Recommended changes in examination regime include extending the season to include April and undertaking examinations during or shortly after heavy rainfall. The use of drones and helicopters is recommended both for this and identifying any changes that could adversely affect earthwork stability between routine examinations.

The report considers the effectiveness of the Earthworks Hazard Category (EHC). It notes that 59% of the 2019/20 earthwork failures were classified in lowest risk ‘A to C’ pre-failure categories. Furthermore, around two-thirds of the failures in the early part of CP6 were at sites where no work was planned during the control period. This suggests that many vulnerable earthworks are not included in the investment plan. Hence, it recommends a review of the EHC process.

The difficulty faced by Network Rail’s geotechnical engineers in making effective asset management decisions on the basis of multiple and disparate data sources is also considered by the report which concluded that an improved earthworks asset management system that uses data from intelligent infrastructure is needed.
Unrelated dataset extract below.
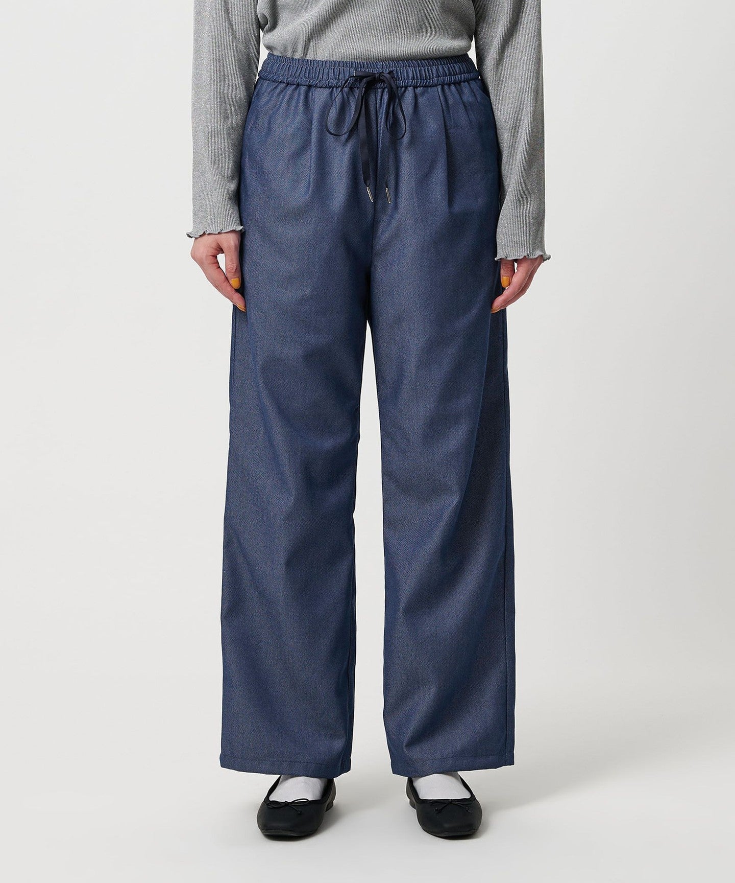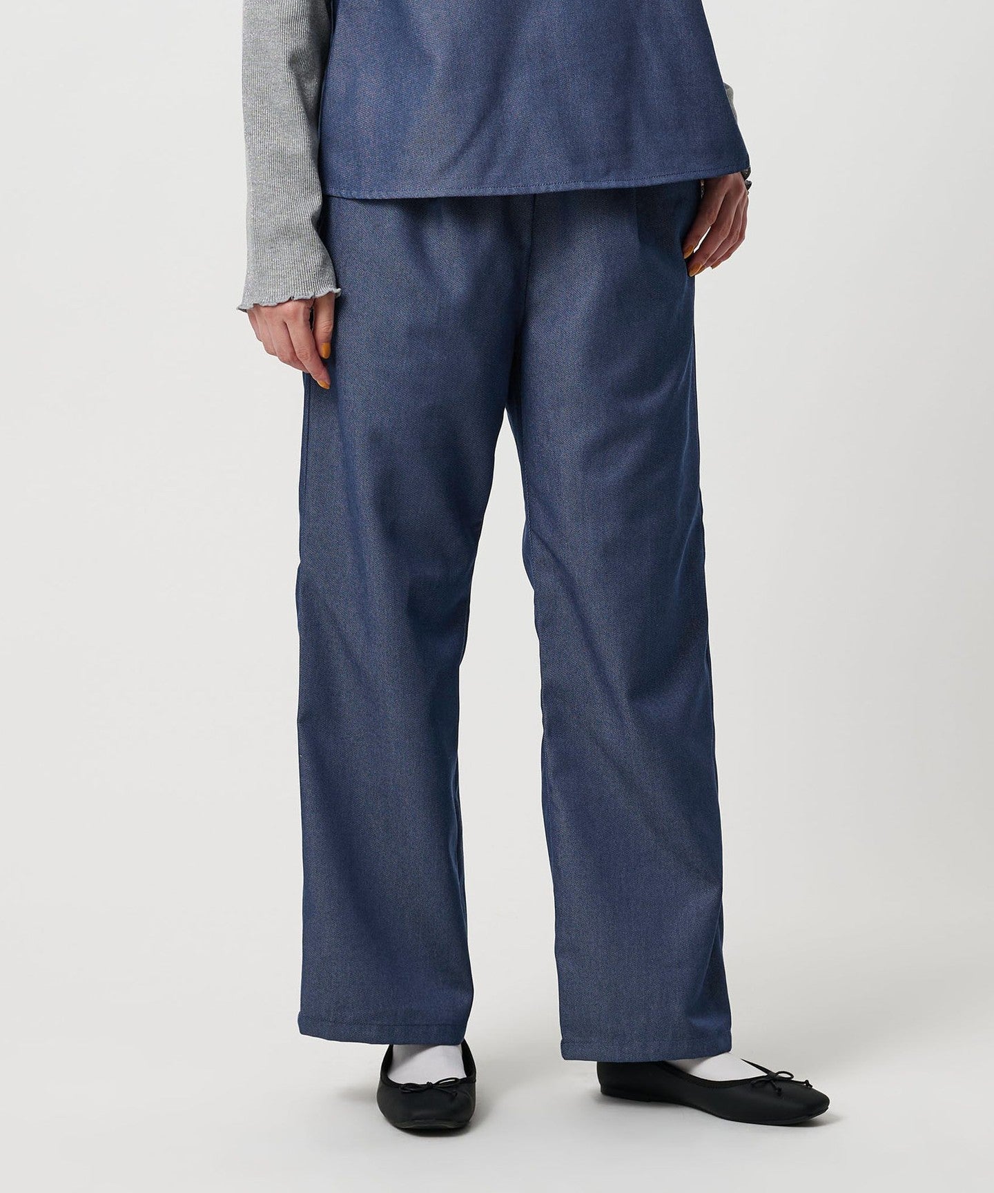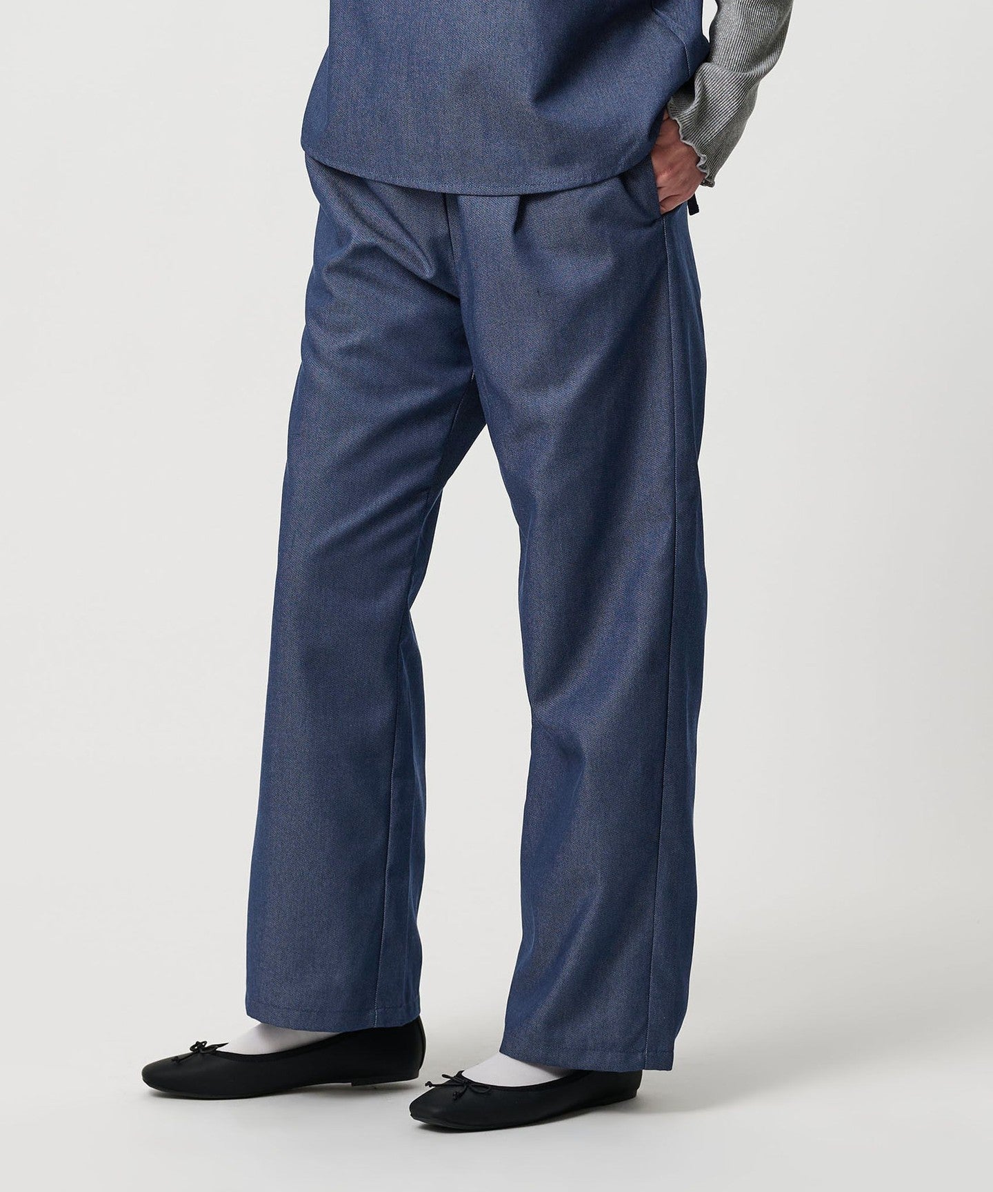 The pants have a straight, wide silhouette and are easy to wear, making them comfortable.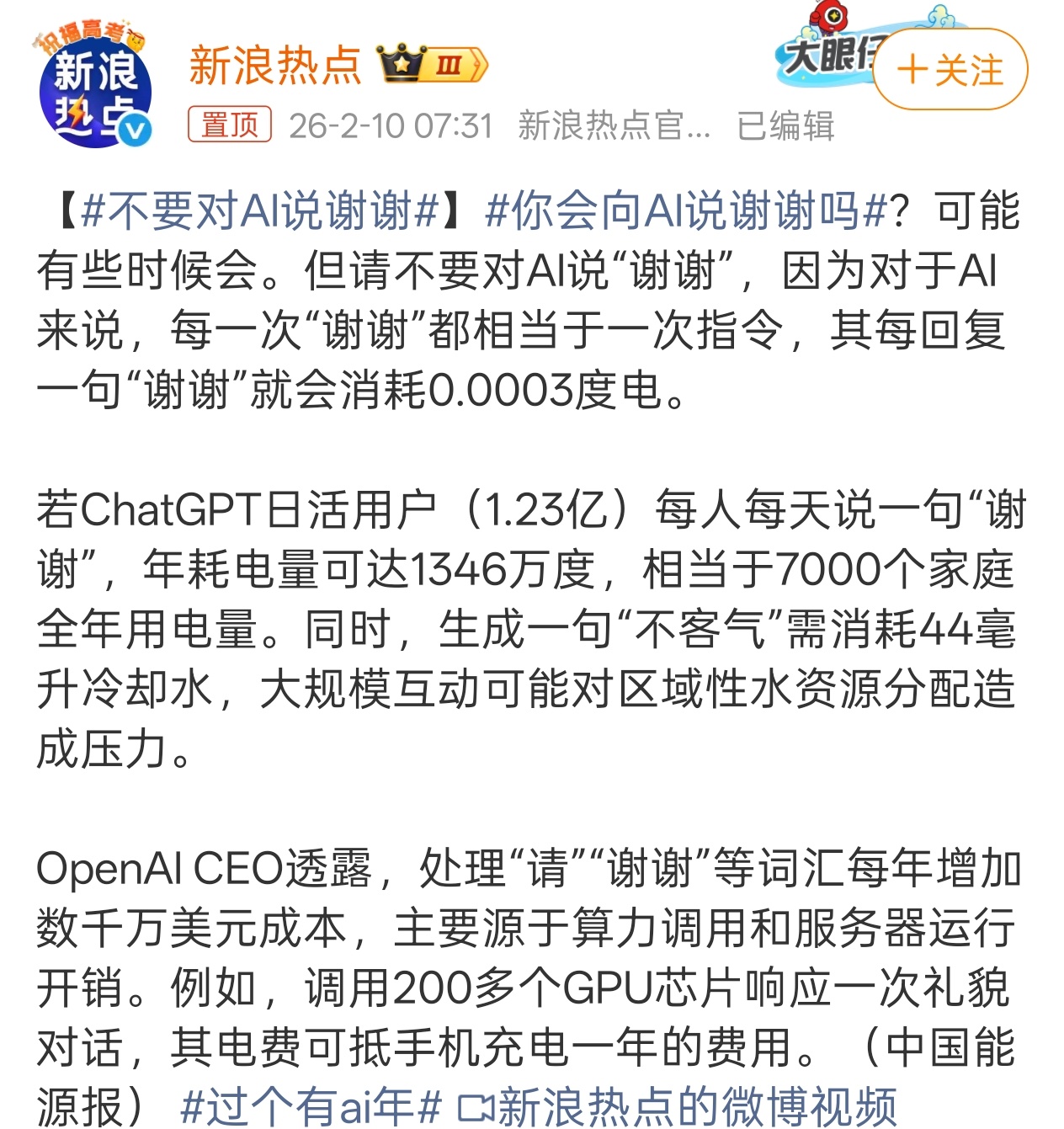 不要对AI说谢谢这个话题过于莫名其妙了,省电居然能省到简单的AI交互上来,再去打

Cutting work needed to reinstate double track for the Borders Railway near Stow.

Monitoring to mitigate

As it is currently not possible to detect or prevent all earthwork failures, the report considers their mitigation. This needs reliable monitoring to inform Network Rail’s engineers of the condition of the more critical geotechnical assets.

There are two objectives for such monitoring: detection of failures affecting the safety of the line and collecting data to predict possible failures.

Techniques used or trialled by Network Rail for rapid and instantaneous detection of failures include distributed acoustic sensing by optical fibres surface-mounted tiltmeters and inclinometers and instrumented flexible barriers for rock and soil slopes.

Those with a slow failure response that are suitable for the collection of condition data include:

  • distributed acoustic sensing by optical fibres
  • the promising application of wireless tiltmeter systems
  • satellite InSAR (Interferometric Synthetic Aperture Radar) which compares radar images over time to detect ground deformation to millimetre accuracy
  • aerial and land-based LiDAR and photogrammetry which international experience indicates to be promising surveillance technologies for slope and landslide management, and the need for train-mounted LiDAR systems to update the geometry and features of cutting slopes
  • Electrical Resistivity Tomography (ERT)
  • Shape Acceleration Arrays (SAA)
  • the continuation of acoustic sensing as part of Network Rail’s R&D programme in view of its potential to detect instability of soil and rock slopes.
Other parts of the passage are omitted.